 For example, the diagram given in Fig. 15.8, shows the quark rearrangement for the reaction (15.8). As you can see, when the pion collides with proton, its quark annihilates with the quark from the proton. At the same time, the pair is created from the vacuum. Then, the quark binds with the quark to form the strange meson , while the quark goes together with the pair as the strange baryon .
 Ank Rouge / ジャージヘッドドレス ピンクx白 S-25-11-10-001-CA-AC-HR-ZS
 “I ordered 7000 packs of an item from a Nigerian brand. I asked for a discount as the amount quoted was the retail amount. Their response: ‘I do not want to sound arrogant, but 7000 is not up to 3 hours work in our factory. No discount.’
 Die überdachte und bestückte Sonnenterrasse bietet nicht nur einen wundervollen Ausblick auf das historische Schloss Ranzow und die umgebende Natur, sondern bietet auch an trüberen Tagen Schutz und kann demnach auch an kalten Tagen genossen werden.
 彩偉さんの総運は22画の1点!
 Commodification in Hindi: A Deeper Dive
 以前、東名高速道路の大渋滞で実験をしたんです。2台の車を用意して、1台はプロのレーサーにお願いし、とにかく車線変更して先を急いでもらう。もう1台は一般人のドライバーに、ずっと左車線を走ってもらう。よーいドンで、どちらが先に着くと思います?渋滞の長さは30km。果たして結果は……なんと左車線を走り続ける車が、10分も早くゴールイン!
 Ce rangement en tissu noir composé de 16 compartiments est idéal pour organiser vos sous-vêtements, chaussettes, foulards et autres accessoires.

---

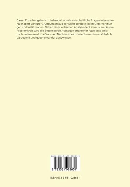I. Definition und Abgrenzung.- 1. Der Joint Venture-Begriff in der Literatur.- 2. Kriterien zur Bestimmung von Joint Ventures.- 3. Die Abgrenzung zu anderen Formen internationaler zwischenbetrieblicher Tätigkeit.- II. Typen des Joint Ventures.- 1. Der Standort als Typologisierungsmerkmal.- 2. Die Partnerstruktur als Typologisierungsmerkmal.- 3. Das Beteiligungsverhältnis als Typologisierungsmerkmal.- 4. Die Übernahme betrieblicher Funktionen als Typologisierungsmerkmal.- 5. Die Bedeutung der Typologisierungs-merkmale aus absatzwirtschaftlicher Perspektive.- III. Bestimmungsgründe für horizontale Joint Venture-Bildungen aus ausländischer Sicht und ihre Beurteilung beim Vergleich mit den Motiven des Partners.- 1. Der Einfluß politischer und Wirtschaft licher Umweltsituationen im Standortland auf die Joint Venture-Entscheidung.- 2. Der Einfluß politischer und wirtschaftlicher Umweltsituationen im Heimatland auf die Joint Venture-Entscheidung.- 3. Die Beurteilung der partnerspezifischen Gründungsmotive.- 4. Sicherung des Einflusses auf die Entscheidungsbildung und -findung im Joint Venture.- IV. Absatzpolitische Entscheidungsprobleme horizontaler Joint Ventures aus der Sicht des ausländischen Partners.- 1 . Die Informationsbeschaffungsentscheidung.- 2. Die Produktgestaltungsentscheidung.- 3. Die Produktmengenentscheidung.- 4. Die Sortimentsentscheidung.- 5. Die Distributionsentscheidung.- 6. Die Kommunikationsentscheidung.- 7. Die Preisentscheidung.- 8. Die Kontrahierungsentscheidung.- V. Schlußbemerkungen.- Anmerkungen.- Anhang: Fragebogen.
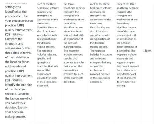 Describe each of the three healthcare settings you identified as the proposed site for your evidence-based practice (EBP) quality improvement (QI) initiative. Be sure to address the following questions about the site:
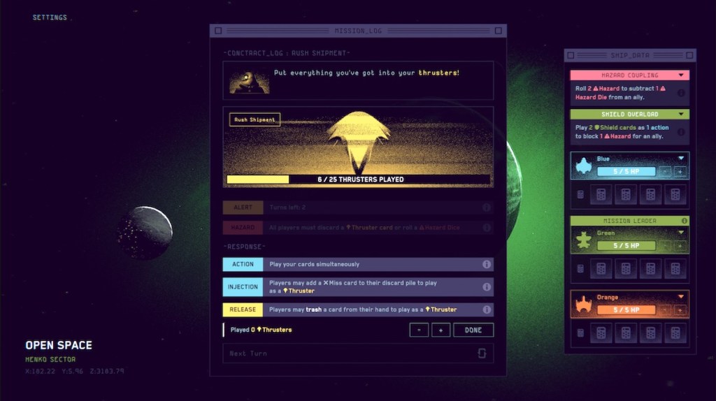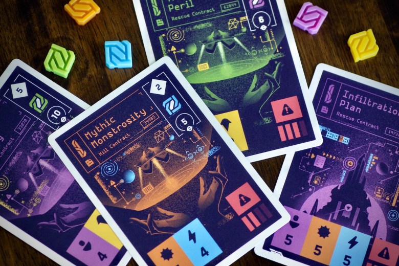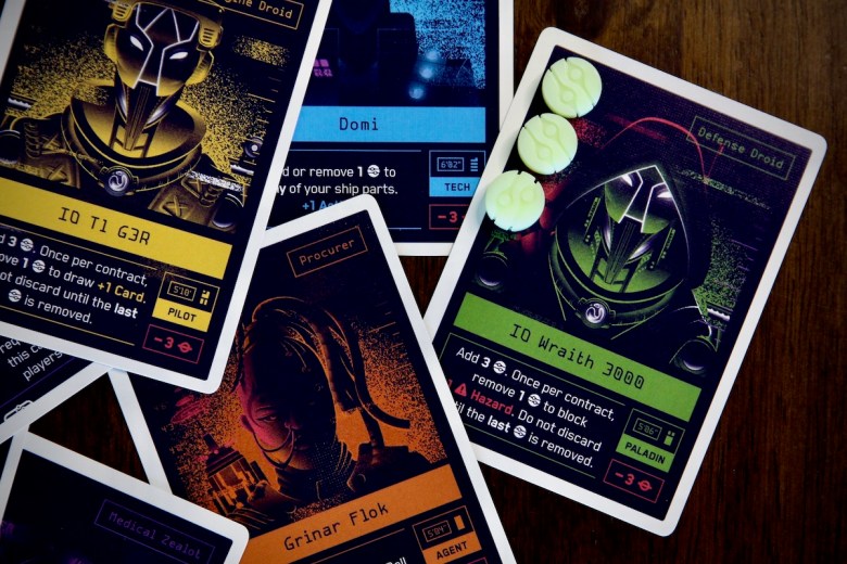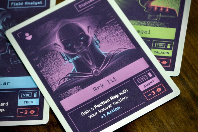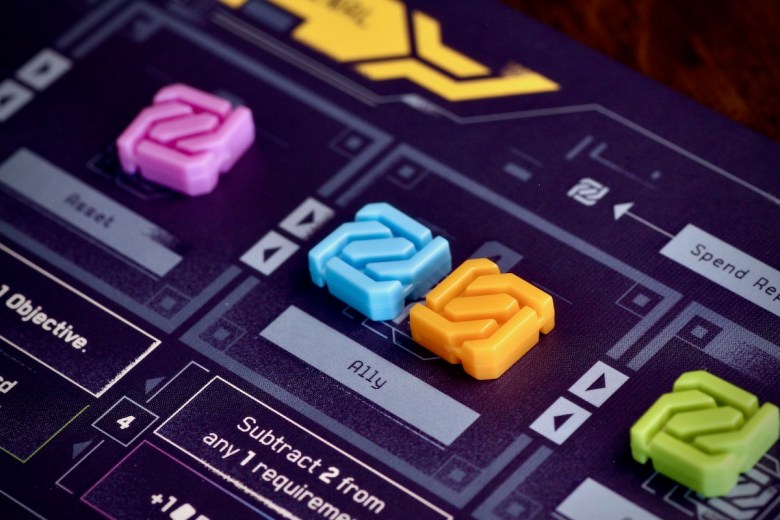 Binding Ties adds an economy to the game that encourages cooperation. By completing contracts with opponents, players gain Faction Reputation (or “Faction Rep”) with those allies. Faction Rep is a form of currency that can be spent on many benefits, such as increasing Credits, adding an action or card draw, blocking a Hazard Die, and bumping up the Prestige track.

● **PROMPT**
Both the line containing "彩偉さんの総運は22画の1点!" and the line containing "Ce rangement en" belong in the answer. Print them and every line above that falls between them exactly, and no others.

● **SOLUTION**
 彩偉さんの総運は22画の1点!
 Commodification in Hindi: A Deeper Dive
 以前、東名高速道路の大渋滞で実験をしたんです。2台の車を用意して、1台はプロのレーサーにお願いし、とにかく車線変更して先を急いでもらう。もう1台は一般人のドライバーに、ずっと左車線を走ってもらう。よーいドンで、どちらが先に着くと思います?渋滞の長さは30km。果たして結果は……なんと左車線を走り続ける車が、10分も早くゴールイン!
 Ce rangement en tissu noir composé de 16 compartiments est idéal pour organiser vos sous-vêtements, chaussettes, foulards et autres accessoires.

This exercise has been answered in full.